Ilaria Salis e il paragone del ’38: quando la fantasia supera la realtà (e il buon senso scappa via)

Ci sono momenti nella vita pubblica italiana in cui resti senza parole. Poi arriva Ilaria Salis al Parlamento Europeo e capisci che, in fondo, il limite non esiste. Il concetto di “oltre” prende forma, si siede, incrocia le gambe e sorseggia un caffè mentre osservi l’ennesimo volo pindarico di chi confonde la storia con la propria timeline di Instagram.

Salis, in un intervento che definire creativo sarebbe un atto di generosità immenso, decide di spiegare al mondo la differenza fra scafisti e trafficanti. Fin qui, nulla di nuovo: ogni parlamentare ha diritto al suo momento “spiego io come funziona il mondo, voi prendete appunti”.

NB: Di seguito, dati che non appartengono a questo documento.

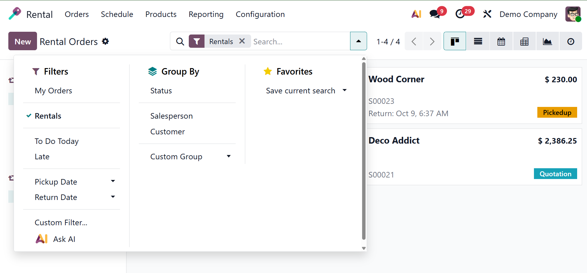 The filters include my orders, rentals, todo today, late, pickup date, return date, custom filter, and ask AI. under the group by, you have the options like, status, salesperson, customer, and custom group, respectively. The favorites option can also be made use of.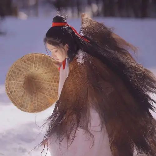 抖音热门古风黑衣的官家古代小姐与戴斗笠蓑衣的农家千金头像图片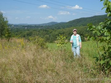 ze zbocza wierzchowiny - w dole odkryta trawiasta przestrzeń z kępami zakrzaczeń - to dawne czołgowisko dla pobliskiej jednostki wojskowej o symbolu taktycznym (Sanok)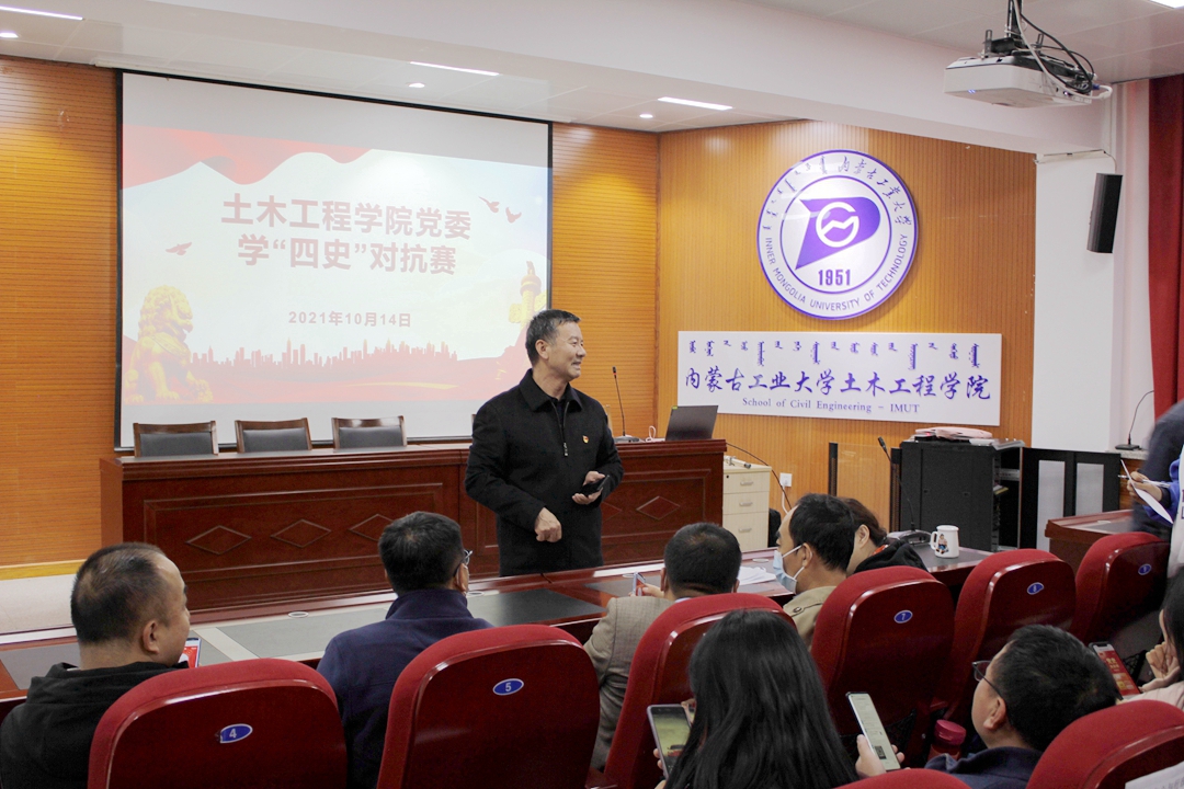 为引导学院师生深刻认识中国共产党的光荣历史和丰功伟绩,从党史学习中激发信仰、获得启发、汲取力量,厚植爱党爱国爱社会主义情感,11月25日,土木工程学院党委在新城校区土木馆B219举办“知史爱党 知史爱国”四史知识对抗赛。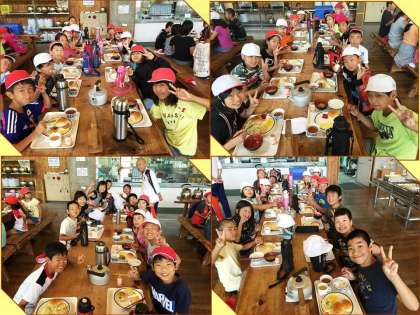 3日目になり,山の家での生活にもだいぶ慣れてきました。元気いっぱいの「朝食タイム」です。朝からバイキングをおいしくいただきました。今日はこの後,交流の森へ1泊2日で出かけます。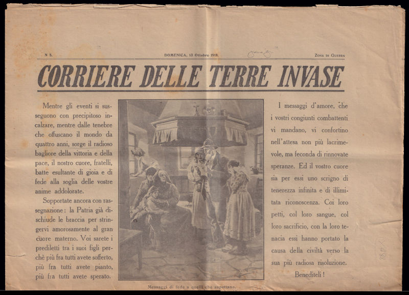 1918 CORRIERE DELLE TERRE INVASE. Domenica 2 Giugno 1918. N° 2 - Fascicolo di 4 pagine formato (510x350mm). Longhi 945. Riprodotto a pag. 147 del catalogo "Aerofilia Italiana". Firma di garanzia F. Longhi. Raro. (Image)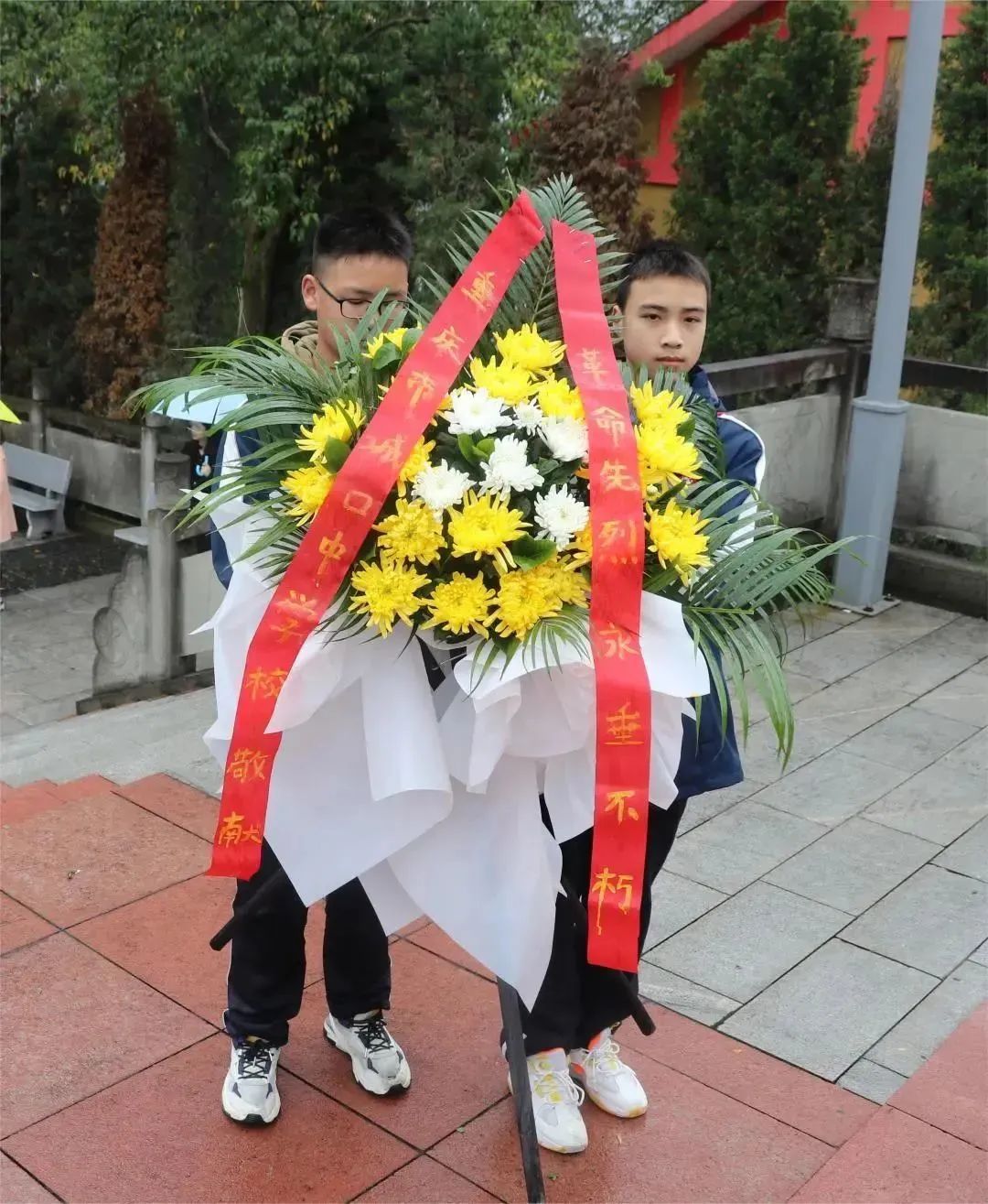 仪式第二项,向革命烈士敬献花篮。伴随着低回的音乐,两位学生代表共同护送花篮,缓步走向纪念碑前。朵朵鲜花寄托着我们深深的哀思,低沉的情绪在此刻转化成坚定的信念,大家深知战争的硝烟早已散去,但是革命先烈的精神却如一颗耀眼的星辰,永远照亮着我们的心灵。也正是因为有了过往无数革命先烈的浴血奋战,不怕牺性,才铸就了我们今天的幸福美好生活。

Il problema è cosa arriva subito dopo.
La deputata, con la calma di una maestra elementare che illustra il ciclo dell’acqua ai bambini, ci regala una perla che entrerà negli annali del pensiero surreale: gli scafisti di oggi sarebbero come coloro che salvarono gli ebrei dalle persecuzioni nel ’38.

Sì, hai letto bene.
No, non stai sognando.
No, non è una sceneggiatura scartata della coppia Guzzanti–Lillo.

La logica parallela (che speriamo non diventi perpendicolare alla realtà)

Salis paragona la tratta dei migranti a quella dei pescatori liguri che, durante le leggi razziali, aiutavano gli ebrei a fuggire in Francia.
Peccato che i pescatori del ’38 non vendessero pacchetti “viaggio + morte probabile + nessuna garanzia di arrivo”, né operassero come multinazionali del crimine che incassano milioni sfruttando disperati.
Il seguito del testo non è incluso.